(Required action): Each record below must come back exactly as written; its pictures must not.
:: Data ::
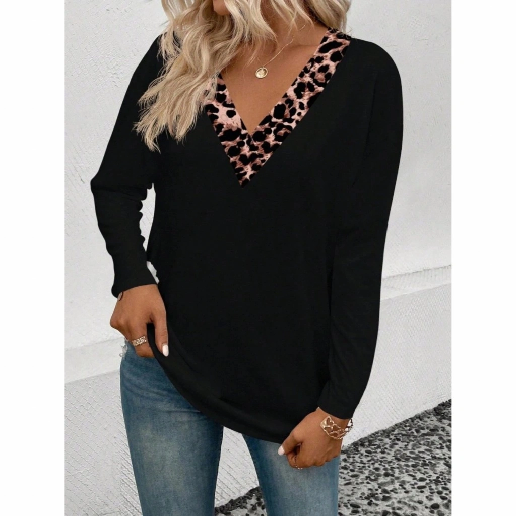 Kadın Uzun Kollu V Yakalı Leopar Detaylı Viskon Iki Iplik Bluz
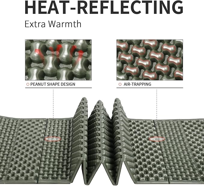 - 【Upgraded Version】The foam sleeping pad is covered with aluminum film, this extremely lightweight coating turns that surface into a very efficient heat reflector, amplifying warmth without the excess weight or bulk added, conventional insulating material is more moistureproof, more durability and easy to clean than the traditional model.
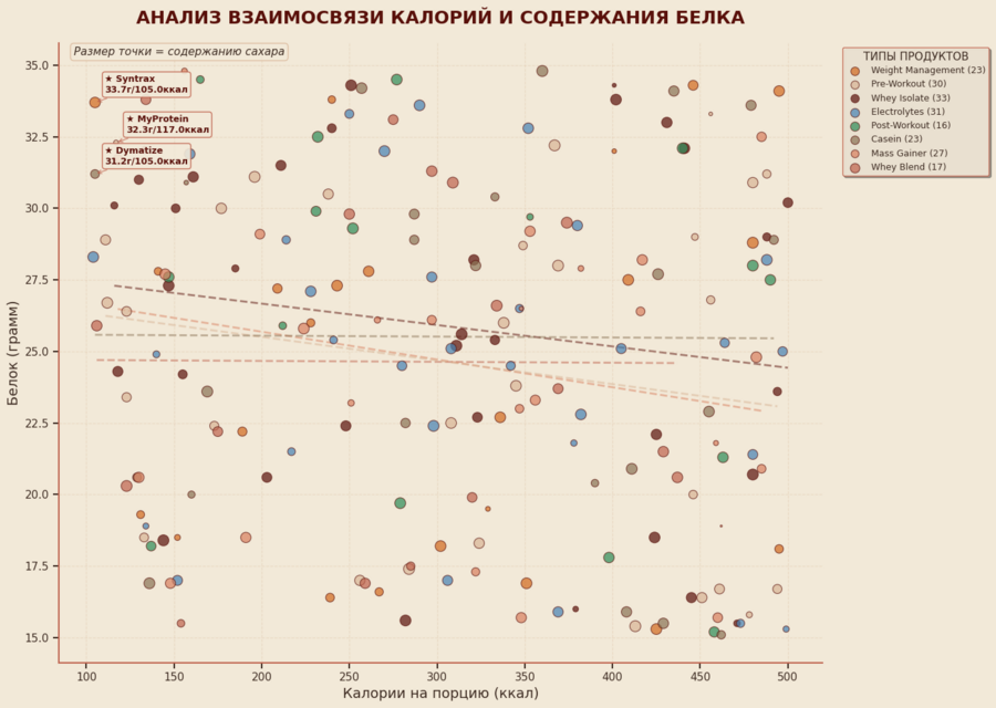 Часто предполагается, что в спортивном питании «много белка = мало всего остального» или «высокое содержание сахара = много углеводов». Матрица позволяет проверить, так ли это на самом деле для среднего рыночного продукта.
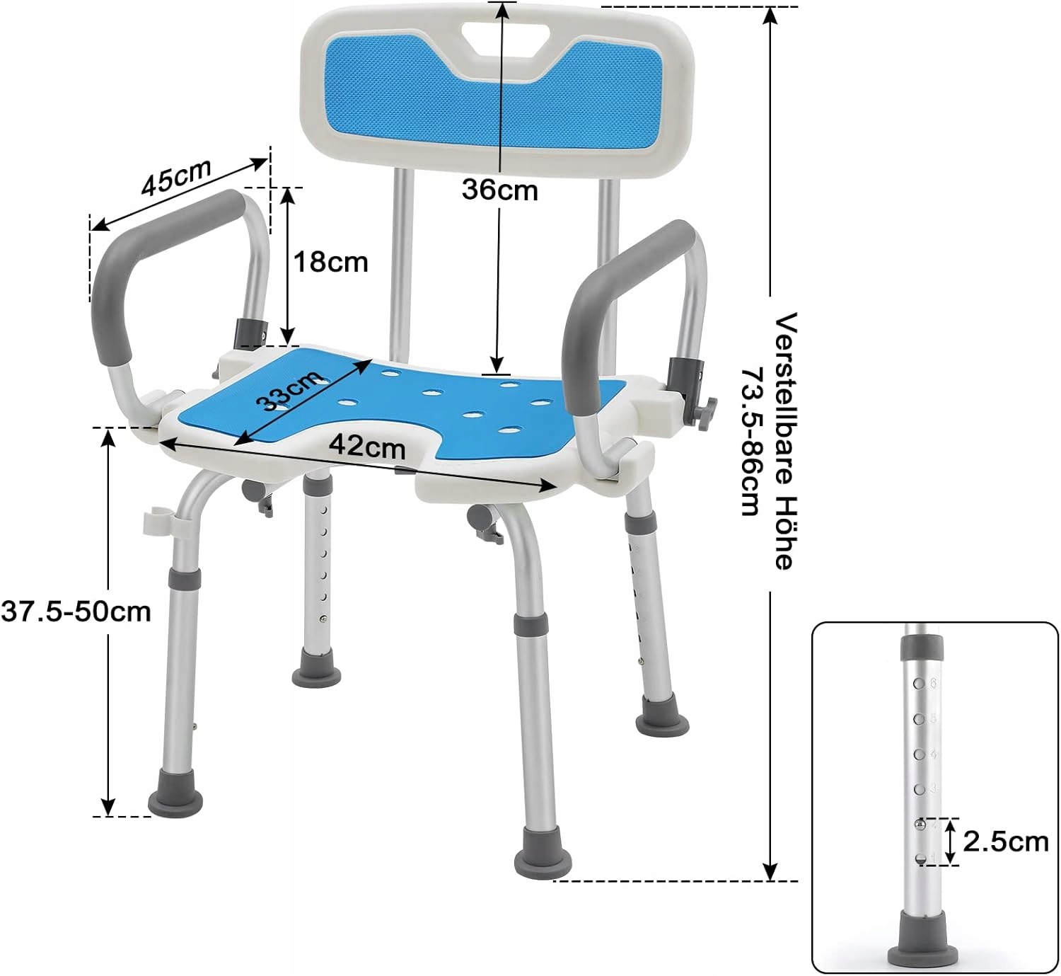 🏡 Крісло для душу зі спинкою та підлокітниками, 4 гумові ніжки, EVA подушка, ергономічний дизайн, регульована висота ❗❗❗
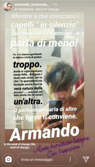 ‘Mentre a me crescono i capelli ‘in silenzio’, tu smontati l’extension e parla di meno!‘ ha incalzato Armando ed ha continuato:
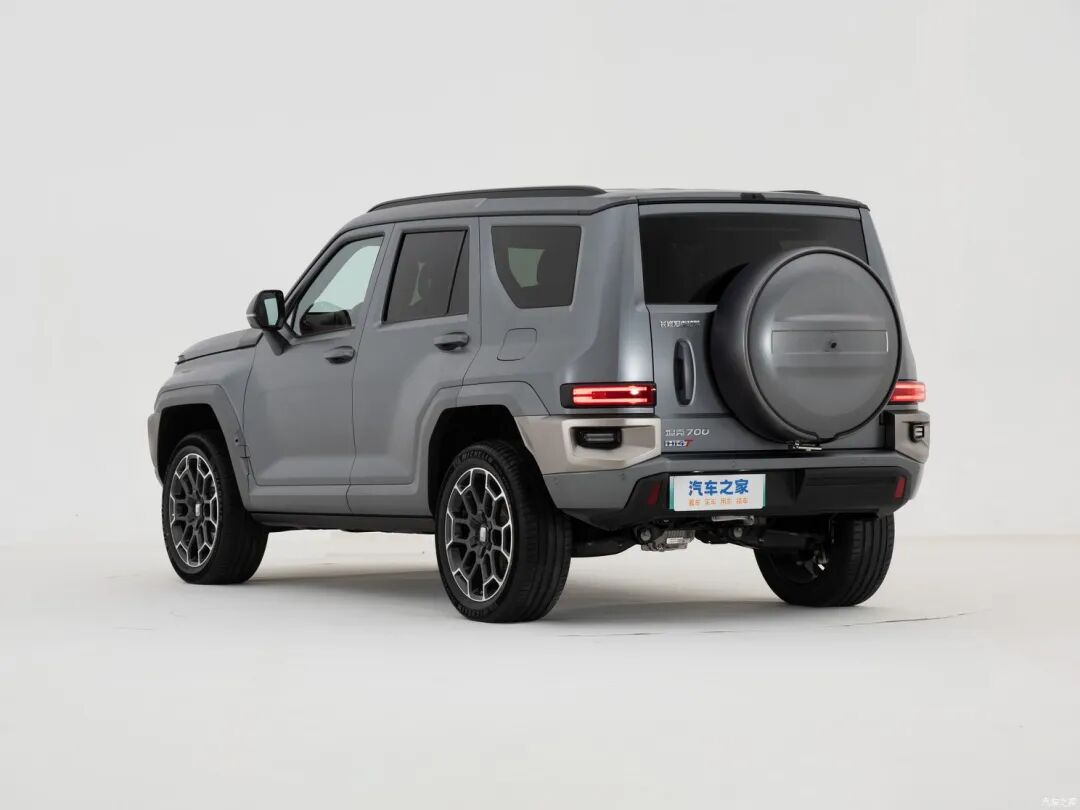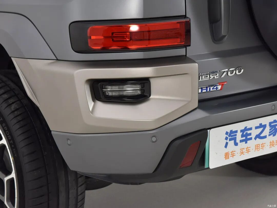 来到车尾,坦克700 Hi4-T采用侧开尾门,并会提供集成后摄像头的备胎罩。该车的尾灯与后转向灯采用分体式的设计,细节处理比较精致。值得一提的是,坦克700 Hi4-T的牵引套装包含12500磅前绞盘、2.5吨电动拖车钩+拖车取电口。
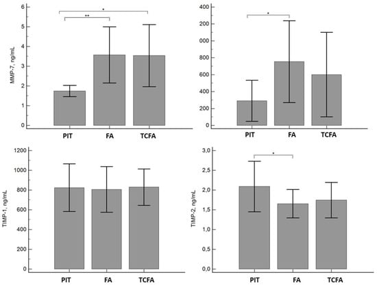 Distribution of the levels of matrix metalloproteinase (MMP)-7 and -9 and tissue inhibitors of matrix metalloproteinase (TIMP)-1 and -2 depending on the coronary plaque phenotype. The data are presented as the mean ± standard deviation. * P <0.05; ** P <0.005, as compared to PIT. PIT, pathological intimal thickening; FA, fibroatheroma; TCFA, thin cap fibroatheroma.
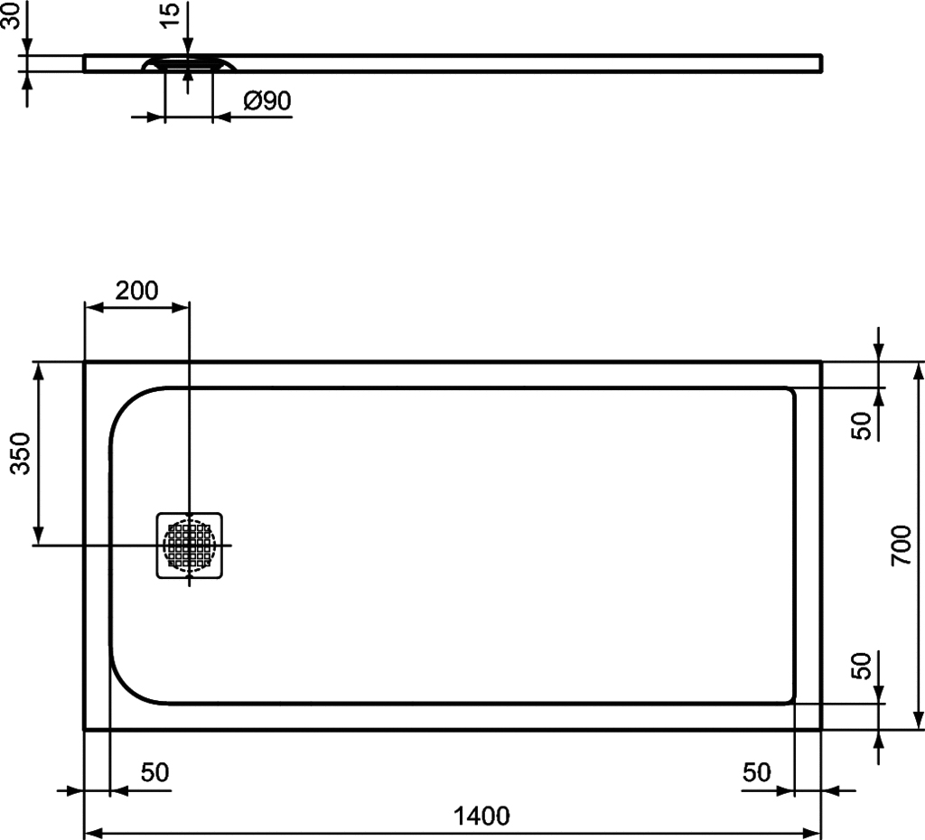Odpływ Ø90mm, do skompletowania z syfonem.
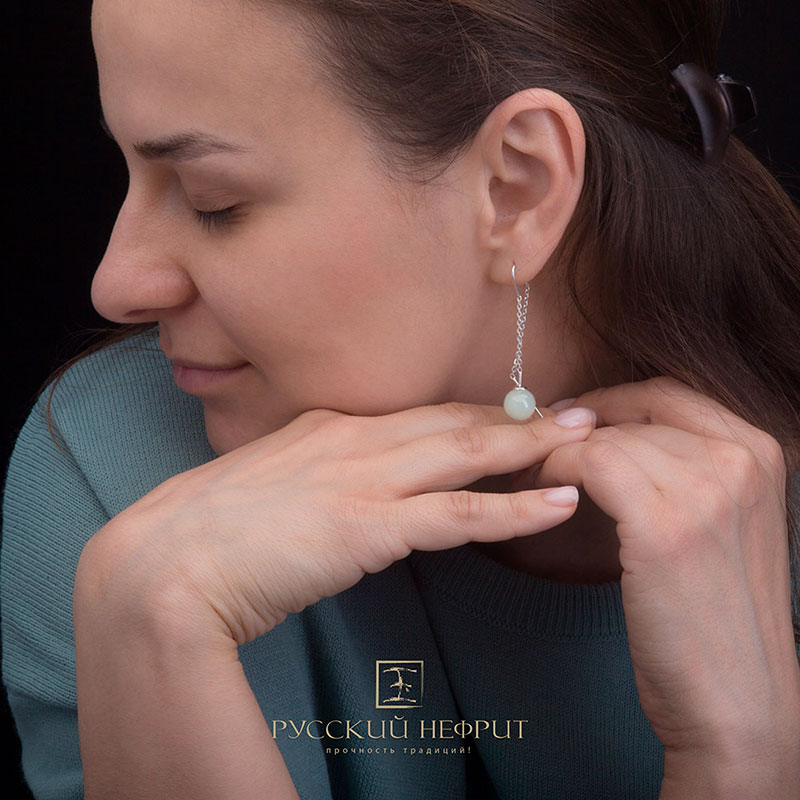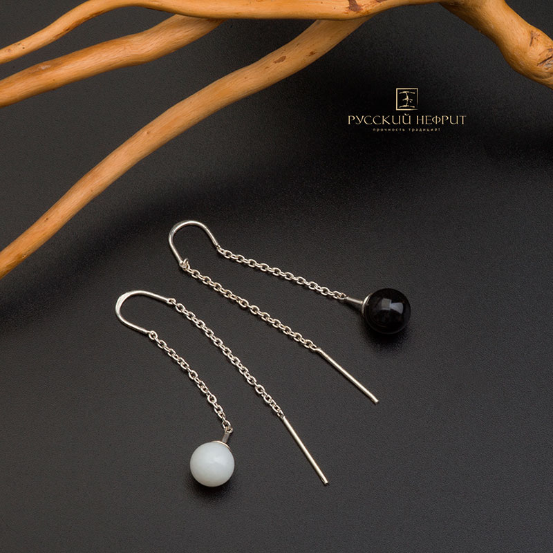 Серьги-протяжки Luna Инь Ян. Серебро, нефрит
:::
(Exercise output):
 Kadın Uzun Kollu V Yakalı Leopar Detaylı Viskon Iki Iplik Bluz
 - 【Upgraded Version】The foam sleeping pad is covered with aluminum film, this extremely lightweight coating turns that surface into a very efficient heat reflector, amplifying warmth without the excess weight or bulk added, conventional insulating material is more moistureproof, more durability and easy to clean than the traditional model.
 Часто предполагается, что в спортивном питании «много белка = мало всего остального» или «высокое содержание сахара = много углеводов». Матрица позволяет проверить, так ли это на самом деле для среднего рыночного продукта.
 🏡 Крісло для душу зі спинкою та підлокітниками, 4 гумові ніжки, EVA подушка, ергономічний дизайн, регульована висота ❗❗❗
 ‘Mentre a me crescono i capelli ‘in silenzio’, tu smontati l’extension e parla di meno!‘ ha incalzato Armando ed ha continuato:
 来到车尾,坦克700 Hi4-T采用侧开尾门,并会提供集成后摄像头的备胎罩。该车的尾灯与后转向灯采用分体式的设计,细节处理比较精致。值得一提的是,坦克700 Hi4-T的牵引套装包含12500磅前绞盘、2.5吨电动拖车钩+拖车取电口。
 Distribution of the levels of matrix metalloproteinase (MMP)-7 and -9 and tissue inhibitors of matrix metalloproteinase (TIMP)-1 and -2 depending on the coronary plaque phenotype. The data are presented as the mean ± standard deviation. * P <0.05; ** P <0.005, as compared to PIT. PIT, pathological intimal thickening; FA, fibroatheroma; TCFA, thin cap fibroatheroma.
Odpływ Ø90mm, do skompletowania z syfonem.
 Серьги-протяжки Luna Инь Ян. Серебро, нефрит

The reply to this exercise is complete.